Capstone Paper. This paper may derive from one of the courses completed for requirements 1 or 2. It is intended to synthesize themes the student examined in the minor. A faculty member affiliated with the Minor in Peace and Justice Studies must approve the paper and inform the undergraduate advisor for Peace and Justice Studies of its satisfactory completion.
The Peace and Justice specialization helped me in a variety ways, both in conjunction with my James Madison major and in preparation for my future endeavors. Specifically, the Peace and Justice curriculum helped me to focus my interest and decide on a more specific career path within humanitarian work. Additionally, the anthropological components of the specialization balanced the more policy based components of my major. Finally, I will take the theory and examples utilized in the core course work with me to law school to inform my continued studies.
Valerie Leah, 2013 graduate:
My participation in the Peace and Justice Studies program at Michigan State University has not only allowed me to gain a better understanding of the field of human rights, but has also strengthened my skills and passion for future advocacy. By taking multi-disciplinary coursework focusing on various justice-related themes, I was able to better understand the depths and diversities that make the field of Peace and Justice so complex and important. The P&J program gives students the knowledge and tools to not only have successful futures, but to become the future faces of human rights.

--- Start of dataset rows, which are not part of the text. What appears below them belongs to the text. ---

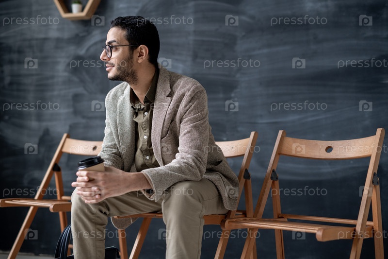 Молодой элегантный бизнесмен с бокалом кофе сидит на стуле в современном кафе
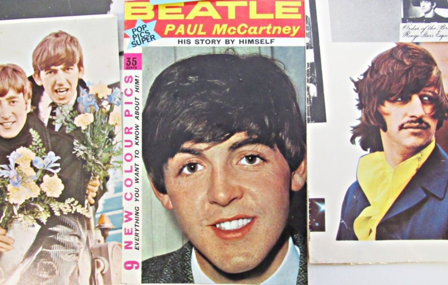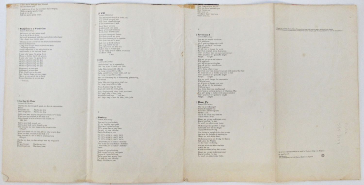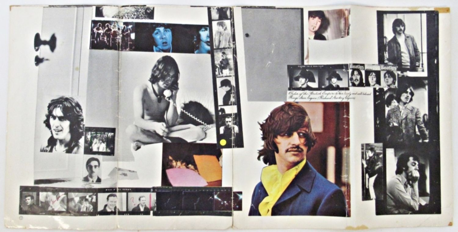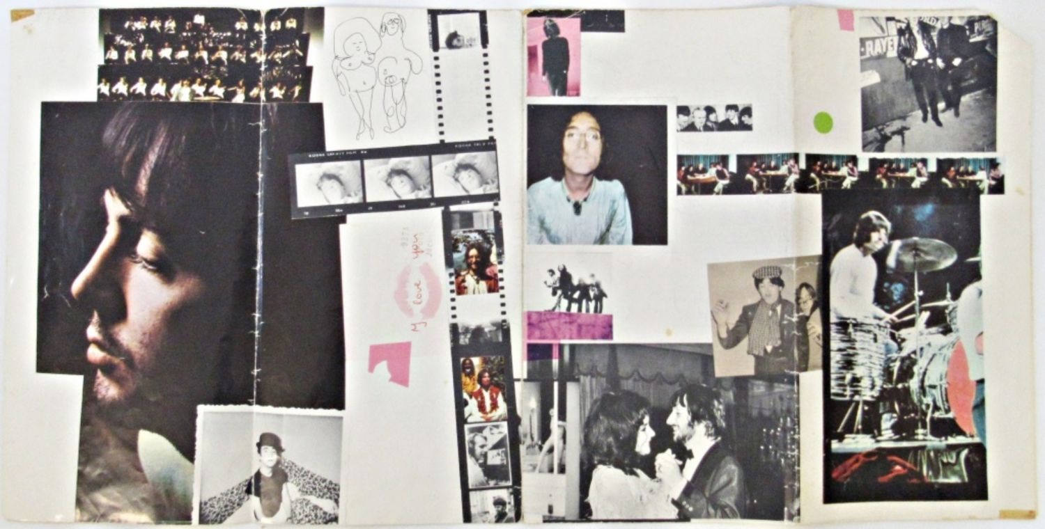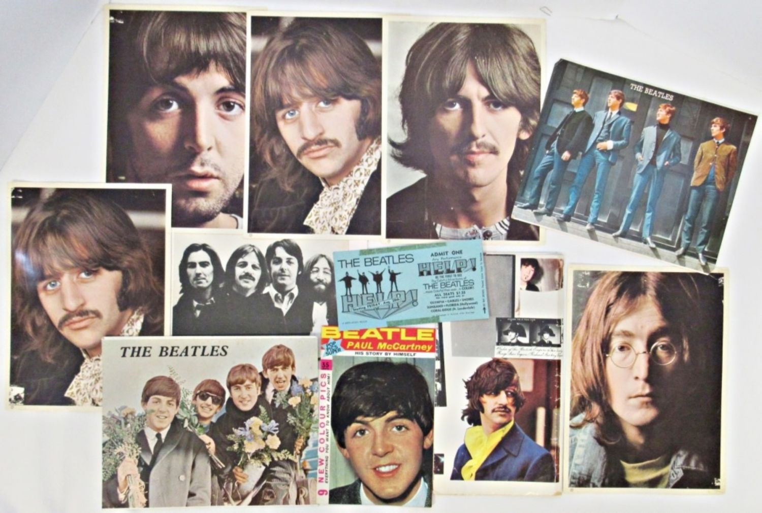 The Beatles White Album 1968 Color Photo Collage Poster Lyrics Insert 34″ x 22″ in sections; ADMINT ONE HELP PERFORMANCE; BEATLE PAUL McCARTNEY HIS STOR BY HIMSELF BOOKLET; (8) 8×10 approx POSTERS – COOL COLLECTORS LOT
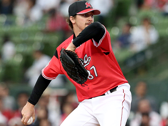 1番 荻野貴 中飛 高めのカットボールを打つもセンターフライ 2アウト  |

Rebeccah Farnum, 2012 graduate:
From a powerful core course that has helped me to frame every issue I have encountered since, to funding for service-learning in the rural mountains of Nicaragua, MSU’s Peace and Justice Studies Program has been with me every step of the way and I cannot thank you enough for your guidance. (After graduation, Farnum won a Marshall Scholarship, as well as an EPA Marshall Scholarship to complete graduate study of water issues.)
Alisha Green, 2011 graduate:
The specialization helped me land a job as the House of Representatives reporter at MIRS News, a political newswire, in Lansing. I had been a writer at the Lansing State Journal for more than a year but wanted to earn experience reporting on politics, and in my interview the editors asked me about the specialization. [A]lthough journalism was my major, I took political science, sociology and anthropology courses. Those classes meant I brought a knowledge of government organization and cooperation as well as concepts the editors had studied in their James Madison classes as MSU graduates. It was a definite point of connection and discussion.
Heidi Kershner, 2007 graduate:
The classes that I took…have fundamentally changed how I view the world and how I instruct my classes. Not only did they teach me how to critically think but also to look deeper than the surface level of an issue or event to its historical causes. This outlook definitely informed my decision to join the Peace Corps and Teach For America — organizations whose shared purpose is to work to correct the effects of a power imbalance through service.